Transaction Processing and Distribution with COPAR and Opnet

Michael A. Hosein, The University of the West Indies, St. Augustine, Trinidad, michael.hosein@sta.uwi.edu Rhea L. Seegobin, The University of the West Indies, St. Augustine, Trinidad, rhea.seegobin@sta.uwi.edu

Abstract- This paper outlines the results that were

collected from the implementation of the COPAR Service [5][6] in an Opnet Modeler simulation environment. The system carries out two (2) types of transaction processing techniques; Optimistic (Temporary) and Pessimistic (Permanent) Processing. The Opnet simulation environment was used to expand the projects capacity by increasing the number of servers and transactions that could be processed by the system. Results show the processing times for simulations that ran with nodes ranging from 20 to 100 nodes and transactions ranging from 200 to 1000.

Results also showed statistics for the distribution of transactions amongst servers with different classifications. Classifications of server ranged from 1 to 6, 1 being the lowest and 6 being the highest. The number of transactions used for testing transaction distribution ranged from 1000 up to 4000, with each simulation run using 100 server nodes. These results can act as a guide to help implement systems that can provide optimal processing times in a real world environment.

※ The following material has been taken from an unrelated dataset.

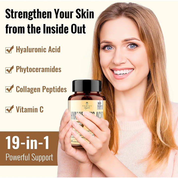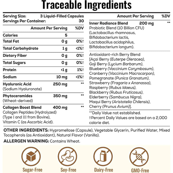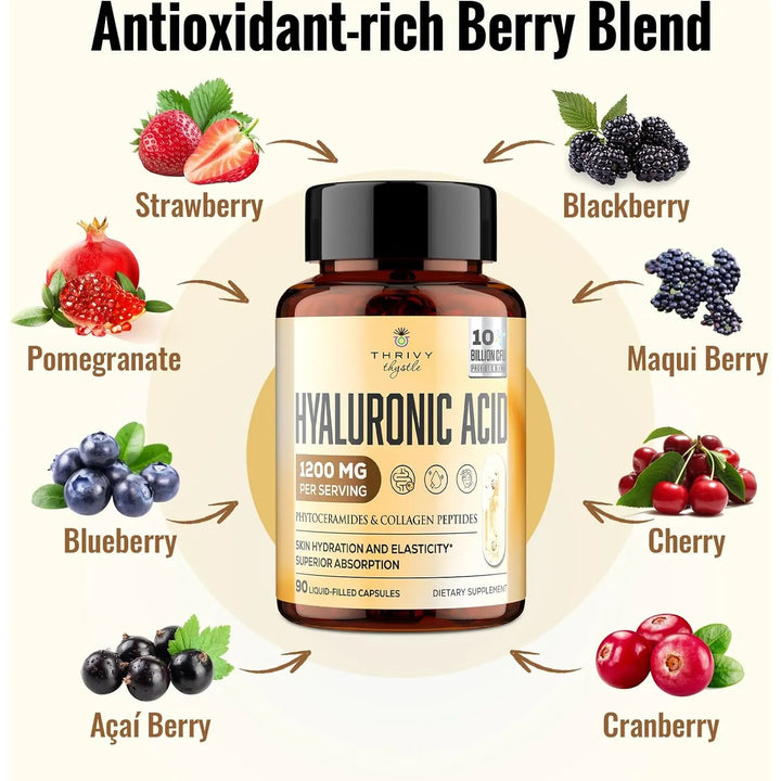 - Fórmula 19 en 1: Combina los beneficios del ácido hialurónico, colágeno, vitamina C, fitoceramidas, probióticos y extractos de bayas en una sola cápsula. 🌈

Keywords- COPAR Service, Opnet Modeler, Optimistic Processing, Pessimistic Processing, Transaction Distribution

1. Introduction

The COPAR service today is still running as a Java

based system that runs off of 8 nodes located in the USA and the Caribbean (Trinidad). Developments and upgrades on the COPAR system have been ongoing for the last 16 years with versions written in C/C++ and Java. Improvements on this project have been outlined in several papers [2] [3][4].

Recent enhancements to this project involved the implementation of COPAR using the OPNET modeler simulation environment. This implementation was completed in September of 2011. Enhancements includes the expansion of the project [5] and the design changes [6] that had to be done for it to be implemented for the project to be successful. Implementation details are not discussed to in this paper. This expansion allowed us to test the availability and scalability of the COPAR service. Simulations were run with varying number of transactions, server nodes and cost bound resource; these were three main inputs. Other input parameters include the transaction

delay. This is a specific delay period which is set at the transaction generator. It should be noted that regardless of the number of server nodes and transactions in the simulation there is only one transaction generator node, with its main function to generate transactions for the simulation. The transaction delay parameter for the results displayed in this paper is 10 seconds. The number of nodes for each simulation ranges from 20 to 100 nodes. Transaction numbers ranges from 200 to 4000 transactions.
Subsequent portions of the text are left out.